Godfrey Harry Stafford CBE, FRS (15 April 1920 – 30 July 2013), was a British physicist and directed the Rutherford Appleton Laboratories from 1969 to 1981. He went on to be a master at St Cross College, Oxford and president of the Institute of Physics. In 1950 Dr. Stafford married Helen Goldthorp Clark, an Australian biologist. He has a son and twin daughters and lived near Oxford.

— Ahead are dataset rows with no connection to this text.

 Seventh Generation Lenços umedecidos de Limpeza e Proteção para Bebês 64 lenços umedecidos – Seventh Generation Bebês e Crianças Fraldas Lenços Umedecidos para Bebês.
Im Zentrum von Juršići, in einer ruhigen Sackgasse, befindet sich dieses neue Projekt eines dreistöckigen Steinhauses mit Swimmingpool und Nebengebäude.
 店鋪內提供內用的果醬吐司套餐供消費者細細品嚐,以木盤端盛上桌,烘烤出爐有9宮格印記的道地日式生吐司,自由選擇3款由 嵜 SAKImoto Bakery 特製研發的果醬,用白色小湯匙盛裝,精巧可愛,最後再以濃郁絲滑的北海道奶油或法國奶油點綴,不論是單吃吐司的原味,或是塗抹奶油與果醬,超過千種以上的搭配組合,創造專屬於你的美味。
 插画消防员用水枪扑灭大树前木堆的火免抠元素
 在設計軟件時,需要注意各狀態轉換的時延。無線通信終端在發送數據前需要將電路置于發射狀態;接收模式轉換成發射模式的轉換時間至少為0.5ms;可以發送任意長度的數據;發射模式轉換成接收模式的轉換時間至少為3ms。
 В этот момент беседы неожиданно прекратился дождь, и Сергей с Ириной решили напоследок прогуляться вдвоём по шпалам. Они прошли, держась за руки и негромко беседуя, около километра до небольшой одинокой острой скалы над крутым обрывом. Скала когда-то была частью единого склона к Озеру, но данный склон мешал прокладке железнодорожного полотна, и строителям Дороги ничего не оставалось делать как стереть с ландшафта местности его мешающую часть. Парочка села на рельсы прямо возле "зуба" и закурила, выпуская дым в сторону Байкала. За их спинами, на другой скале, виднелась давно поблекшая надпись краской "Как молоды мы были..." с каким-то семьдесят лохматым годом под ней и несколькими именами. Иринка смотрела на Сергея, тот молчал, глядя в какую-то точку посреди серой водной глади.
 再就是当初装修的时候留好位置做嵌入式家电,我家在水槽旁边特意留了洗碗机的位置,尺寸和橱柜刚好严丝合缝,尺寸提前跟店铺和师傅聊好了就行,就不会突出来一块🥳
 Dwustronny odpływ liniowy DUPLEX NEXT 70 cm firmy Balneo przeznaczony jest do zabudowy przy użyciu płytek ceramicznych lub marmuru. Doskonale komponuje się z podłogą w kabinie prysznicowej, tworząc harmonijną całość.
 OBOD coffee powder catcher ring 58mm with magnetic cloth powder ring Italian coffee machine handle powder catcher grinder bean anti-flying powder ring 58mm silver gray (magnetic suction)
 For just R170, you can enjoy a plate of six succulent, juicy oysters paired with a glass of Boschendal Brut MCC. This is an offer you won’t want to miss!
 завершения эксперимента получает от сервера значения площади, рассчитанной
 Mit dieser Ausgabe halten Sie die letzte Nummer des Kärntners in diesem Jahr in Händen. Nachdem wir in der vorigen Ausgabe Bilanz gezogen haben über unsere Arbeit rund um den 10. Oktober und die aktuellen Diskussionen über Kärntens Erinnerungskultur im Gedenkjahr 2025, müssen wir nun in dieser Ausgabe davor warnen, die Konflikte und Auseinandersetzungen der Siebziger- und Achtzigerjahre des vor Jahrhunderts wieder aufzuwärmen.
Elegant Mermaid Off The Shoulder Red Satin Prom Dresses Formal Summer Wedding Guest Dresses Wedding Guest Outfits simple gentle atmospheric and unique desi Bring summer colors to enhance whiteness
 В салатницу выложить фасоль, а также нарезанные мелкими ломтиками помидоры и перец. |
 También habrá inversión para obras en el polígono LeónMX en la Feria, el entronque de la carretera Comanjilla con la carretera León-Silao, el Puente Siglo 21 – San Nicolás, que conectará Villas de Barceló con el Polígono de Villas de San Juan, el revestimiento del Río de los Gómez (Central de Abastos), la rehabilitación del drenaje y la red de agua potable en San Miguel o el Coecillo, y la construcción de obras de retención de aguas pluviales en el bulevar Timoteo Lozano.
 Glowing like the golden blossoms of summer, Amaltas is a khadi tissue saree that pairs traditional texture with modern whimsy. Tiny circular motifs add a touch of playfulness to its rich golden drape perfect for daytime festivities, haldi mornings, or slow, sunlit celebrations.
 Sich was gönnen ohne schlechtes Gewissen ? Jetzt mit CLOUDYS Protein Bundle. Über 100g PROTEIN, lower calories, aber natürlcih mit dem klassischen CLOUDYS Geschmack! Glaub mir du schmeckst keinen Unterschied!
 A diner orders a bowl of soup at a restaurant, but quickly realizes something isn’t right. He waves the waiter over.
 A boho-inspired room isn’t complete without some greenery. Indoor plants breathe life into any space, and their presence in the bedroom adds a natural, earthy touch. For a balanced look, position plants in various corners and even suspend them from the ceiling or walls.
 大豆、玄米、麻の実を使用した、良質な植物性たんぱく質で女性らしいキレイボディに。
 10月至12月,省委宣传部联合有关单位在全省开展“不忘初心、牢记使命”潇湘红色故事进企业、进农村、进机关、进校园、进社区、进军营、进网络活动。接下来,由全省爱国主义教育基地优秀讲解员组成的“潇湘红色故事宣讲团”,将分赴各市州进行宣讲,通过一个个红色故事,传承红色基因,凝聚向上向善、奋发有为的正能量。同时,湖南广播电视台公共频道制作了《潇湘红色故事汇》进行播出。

==Early life and the Navy==
Stafford was born in England in 1920 but moved to South Africa at the age of 8. He attended the University of Cape Town, where he came top of his class for physics and subsequently did an MSc researching cosmic rays in 1941. He joined the South African Naval Forces as a lieutenant electrical officer concerned with degaussing in the southern hemisphere.

With the end of hostilities, he entered Gonville and Caius College, Cambridge, as Ebden Scholar of the University of Cape Town, obtaining his Ph.D. in 1950. He later accepted a post with the South African Council for Scientific and Industrial Research as the head of its Biophysics Sub-Division. In 1954 after 2 1/2 years in Pretoria, Dr. Gerry Pickavance offered a job at Harwell in the Cyclotron Group.

== Rutherford Laboratory ==
The Rutherford Laboratory came into being in 1957 with Gerry Pickavance as the first Director and Stafford as the head of the Proton Linear Accelerator (PLA) Group. The PLA achieved its first full energy beam in 1959. By 1963 with the PLA a well established machine he became responsible for the high energy physics programme for the Nimrod (synchrotron). Stafford became Deputy Director on 1 April 1966. He has had close association with CERN, where he participated in the SC polarization experiment and various committee work, and was a keen supporter of the idea of a European Physical Society and became a Member of the Steering Committee for its formation. He later acted as Scientific Secretary to the Organising Committee for the inaugural meeting of the Society which was held in Florence in April 1969. He succeeded Gerry Pickavance in 1969 as director of the Rutherford Appleton Laboratory.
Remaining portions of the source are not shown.